Zeilensprung, 1 Kanal Videoinstallation, 2001, 15 min. (Loop)
In den Abend- und Nachstunden wird "Das Große Fenster" des ARD-Hauptstadtstudios in der Berliner Wilhelmstraße zu einem großen Fernsehbildschirm: Dem laufenden Fernsehprogramm wird alle 48 Sekunden ein Bild entnommen und durch eine Rückprojektion auf der großen Glasfläche wieder- gegeben.
Das menschliche Auge nimmt das Fernsehbild, das sich aus zwei Halbbildern zusammensetzt, wegen der hohen Geschwindigkeit der Übertragung als ein Bild wahr. Das erste Halbbild besteht aus den ungeraden Zeilen und das zweite Halbbild aus den geraden. Wenn der Kathoden- strahl das Ende einer Zeile erreicht hat und zum Anfang der folgenden wechselt, wird dieser Vorgang als Zeilensprung bezeichnet. Bei der Installation durchläuft ein simulierter Kathodenstrahl das Bild und vollzieht den Zeilensprung nach. Das Verfahren wurde um den Faktor sechs vergröbert, um eine klare Darstellung zu gewähren.
Auf diese Weise baut sich alle 48 Sekunden ein neues Bild auf, das sich mit den vorausgegangenen Bildern vermischt und sie überlagert.
Die Arbeit bezieht sich direkt auf die Rolle, die Medien in unserer Wahrnehmung und Gesellschaft spielen.
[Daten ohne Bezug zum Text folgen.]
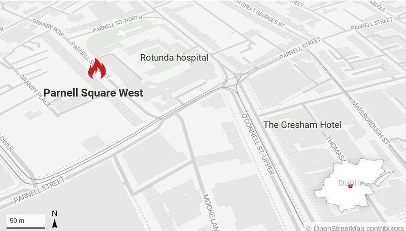 Four fire engines, carrying 17 firefighters, from Phibsborough and Tara Street stations were called to Parnell Square West at about 2am on Thursday after a fire broke out in a building across from the Rotunda hospital in Dublin's city centre.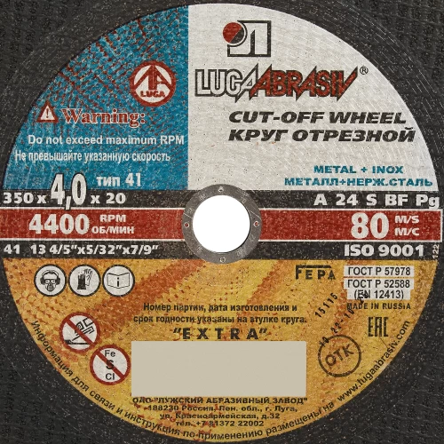 Диск отрезной по стали Луга 350x20x4 мм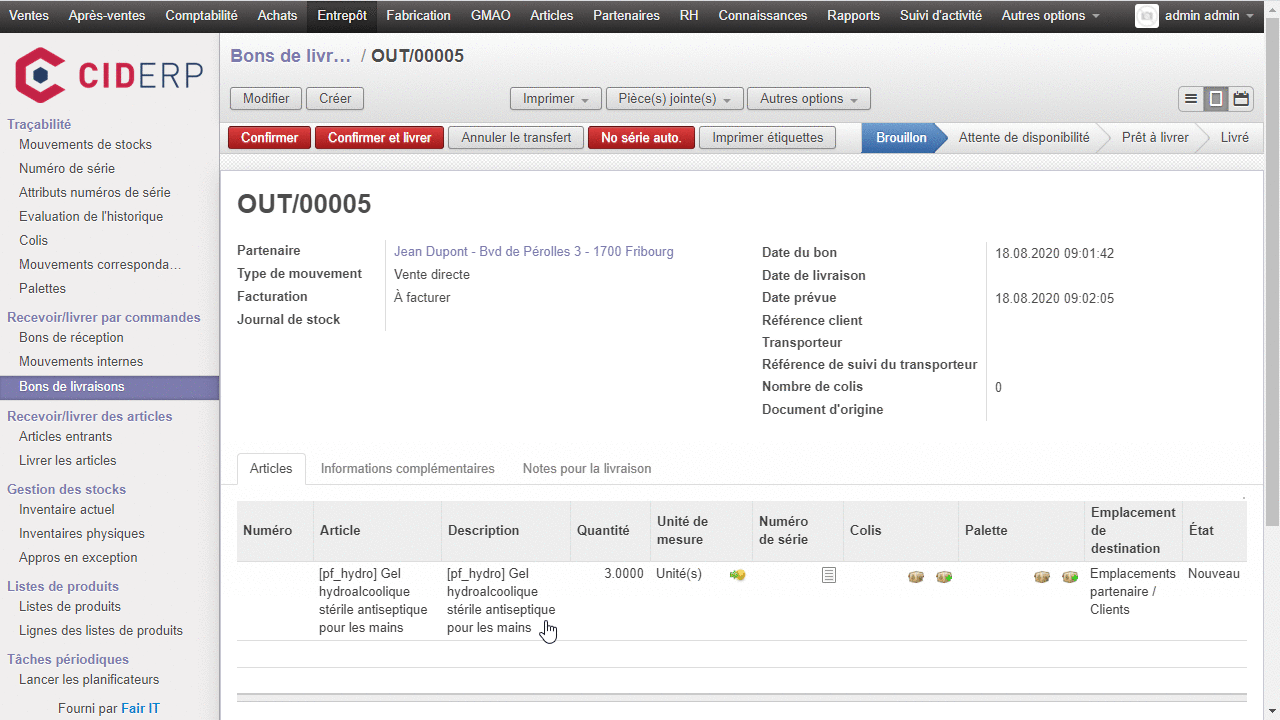 Un autre aspect de la traçabilité que CID ERP permet de gérer est le suivi des colis/palettes. Lors d’une livraison sortante, le logisticien peut générer des palettes (avec un numéro de traçabilité palette) qui contiennent des colis (avec leur propres numéros de traçabilité) qui eux-mêmes contiennent des articles numérotés en lot/série. Grâce à l’interface existante avec un système d’imprimante, des étiquettes peuvent être imprimées depuis le logiciel, contenant les informations de colis et de palettes.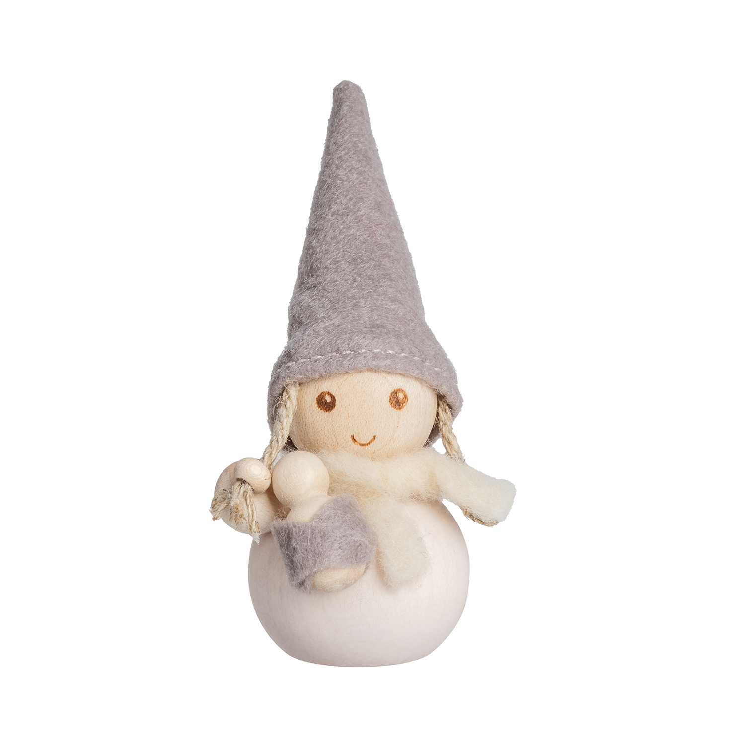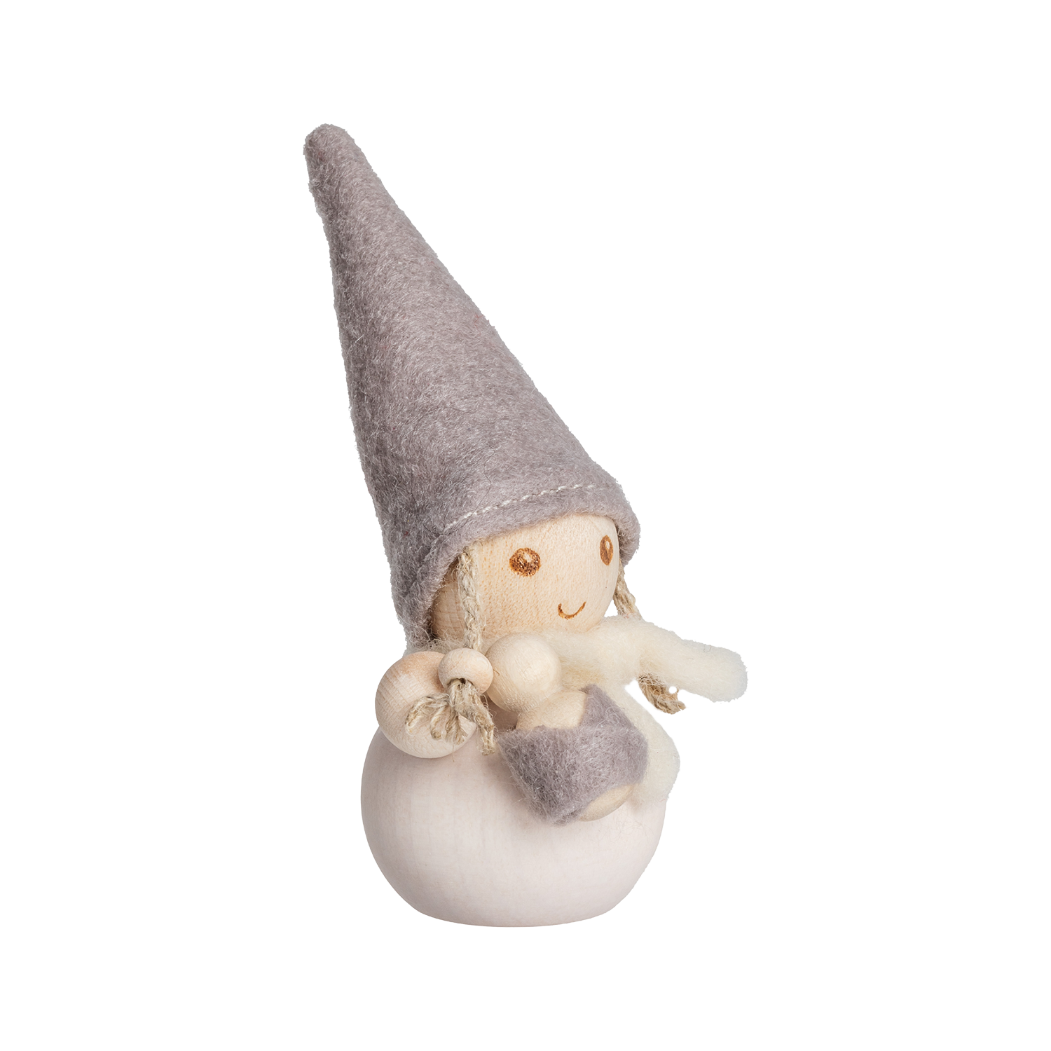 A tender moment captured in wood and wool. The Aarikka Frost Tonttu – Baby Sitter radiates quiet warmth, holding a tiny child close beneath a soft felt hat and scarf. Handcrafted in Finland from maple beads and merino wool, this gentle figure embodies Aarikka’s love for simple beauty and heartfelt storytelling. In soothing shades of white and grey, it brings a touch of Nordic calm to any setting—whether on a table, windowsill, or as a thoughtful gift celebrating care, family, and Finnish craftsmanship.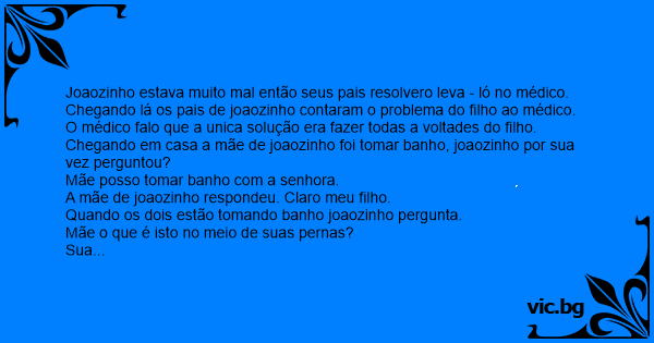 Chegando em casa a mãe de joaozinho foi tomar banho, joaozinho por sua vez perguntou?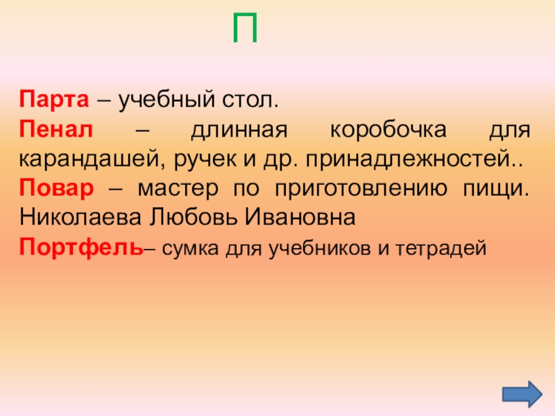 Парта – учебный стол.

In der Verlangsamung des technischen Aufbaus des Fernsehbildes untersucht die Künstlerin die Konstruktion des Sehens und Erinnerns. Der Zuschauer sieht nie nur ein Bild, sondern immer Überlagerungen alter und neuer Teile.
Daraus bildet sich erst in der Synthese eine Wahrnehmung des Ganzen. Im Bezug auf das Fernsehen mit seinem Anspruch auf authentische und wahrheitsgetreue Abbildung der Welt entwickelt das Konzept seine besondere Relevanz.